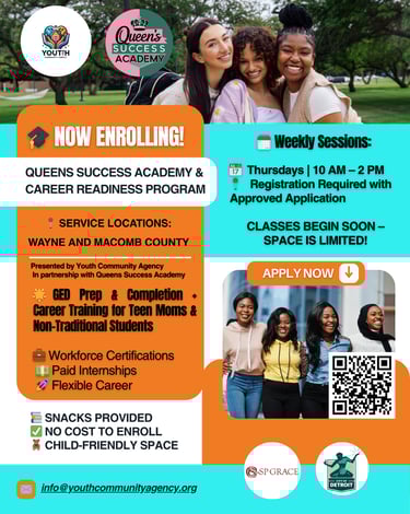 At Youth Community Agency (YCA), our mission is to empower teen moms and young families throughout Metro Detroit by addressing the root causes of poverty through intentional, equity-centered support. We focus on expanding access to education, career readiness, and entrepreneurship opportunities, while providing trauma-informed wellness services, essential housing resources, and innovative food access solutions.
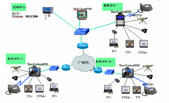 云南省中國銀行主會場放置1臺MGC-100 MCU和1臺視訊會議終端ViewStation4000,1套雙流模塊;其他16個地市各放置1臺視訊會議終端ViewStation4000,1套雙流模塊。MCU和視訊終端通過以太網(wǎng)交換機接入傳輸網(wǎng)絡(luò),根據(jù)各分地市網(wǎng)絡(luò)實際帶寬,視頻會議的帶寬定為2M。
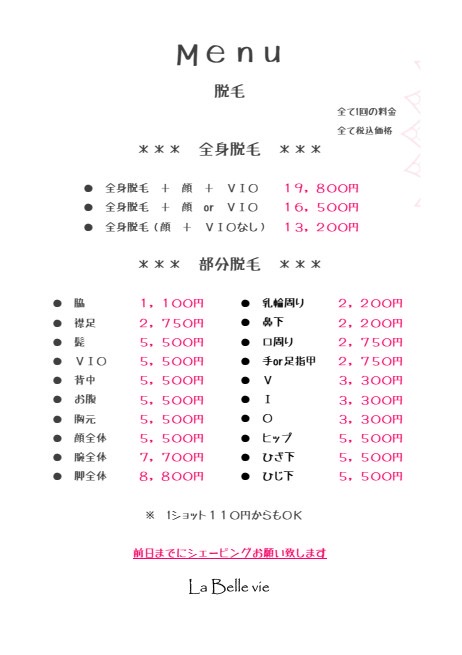髭・顔全体・背中・お腹・胸元・お尻・ひざ下・ひざ下・VIOから1箇所(既存の方) ¥5,500(税込)
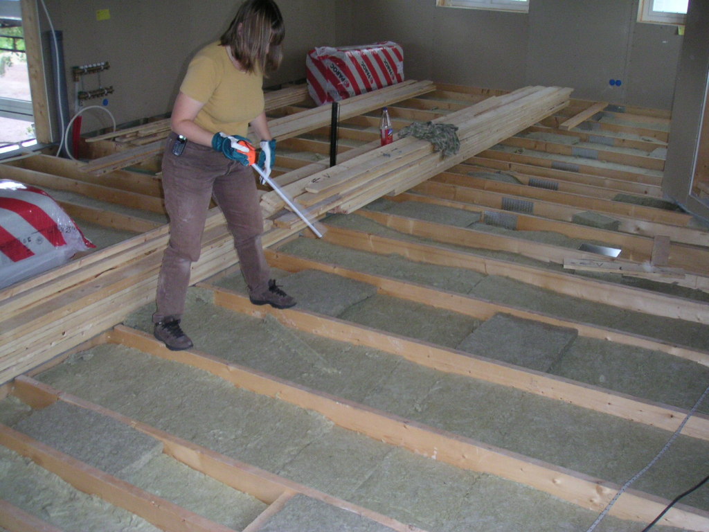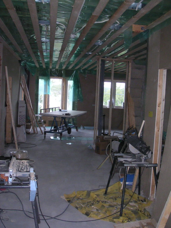 Josephine vacuums before 100mm of mineral wool is put in the roof for soundprooofing.
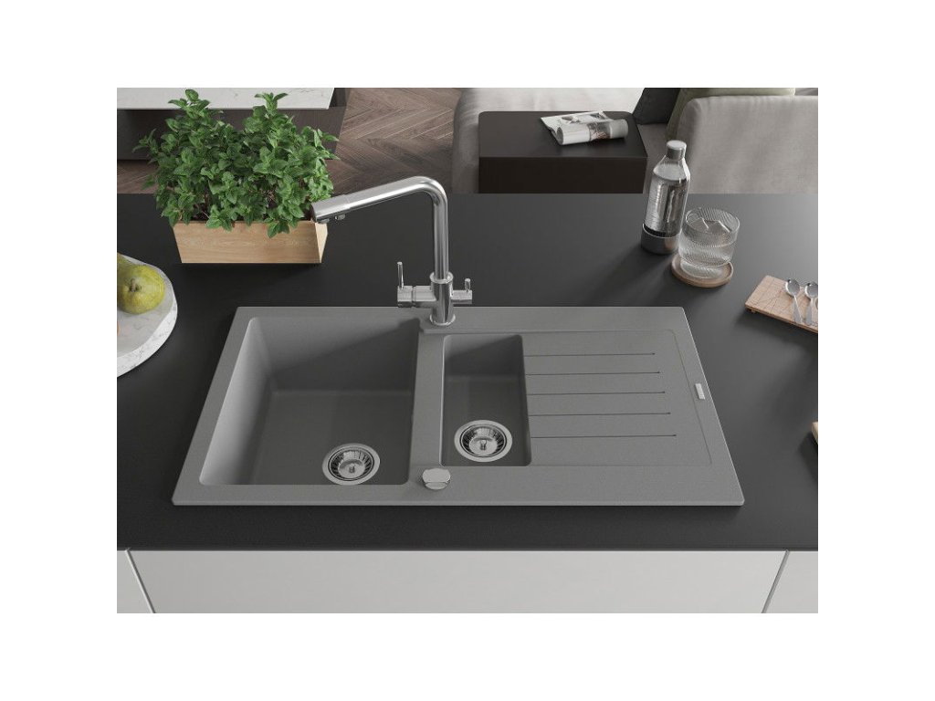 Granitový drez Mexen Matias s 1,5 misy, odkapávačom a kuchynskou batériou Duero, sivý - 6502-71-671600-00
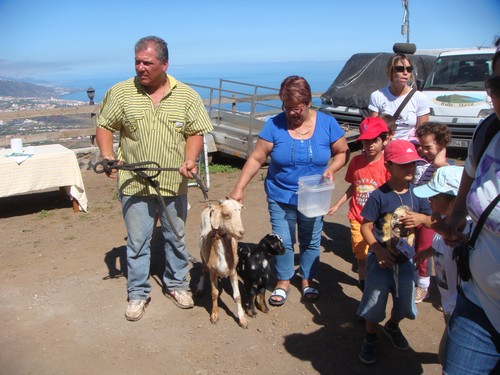Nach unserer Vorführung wird eine Ziegenfamilie bestaunt. Hier zeigt Manolo eine Ziegenmutter mit ihrem Nachwuchs, und die Besitzerin zeigt den Kindern, wie man eine Ziege melkt.

····················

WHAT IS NEEDED — Each entry above must come back exactly as written. Drop the images.

TASK RESPONSE —
 At Youth Community Agency (YCA), our mission is to empower teen moms and young families throughout Metro Detroit by addressing the root causes of poverty through intentional, equity-centered support. We focus on expanding access to education, career readiness, and entrepreneurship opportunities, while providing trauma-informed wellness services, essential housing resources, and innovative food access solutions.
 云南省中國銀行主會場放置1臺MGC-100 MCU和1臺視訊會議終端ViewStation4000,1套雙流模塊;其他16個地市各放置1臺視訊會議終端ViewStation4000,1套雙流模塊。MCU和視訊終端通過以太網(wǎng)交換機接入傳輸網(wǎng)絡(luò),根據(jù)各分地市網(wǎng)絡(luò)實際帶寬,視頻會議的帶寬定為2M。
髭・顔全体・背中・お腹・胸元・お尻・ひざ下・ひざ下・VIOから1箇所(既存の方) ¥5,500(税込)
 Josephine vacuums before 100mm of mineral wool is put in the roof for soundprooofing.
 Granitový drez Mexen Matias s 1,5 misy, odkapávačom a kuchynskou batériou Duero, sivý - 6502-71-671600-00
Nach unserer Vorführung wird eine Ziegenfamilie bestaunt. Hier zeigt Manolo eine Ziegenmutter mit ihrem Nachwuchs, und die Besitzerin zeigt den Kindern, wie man eine Ziege melkt.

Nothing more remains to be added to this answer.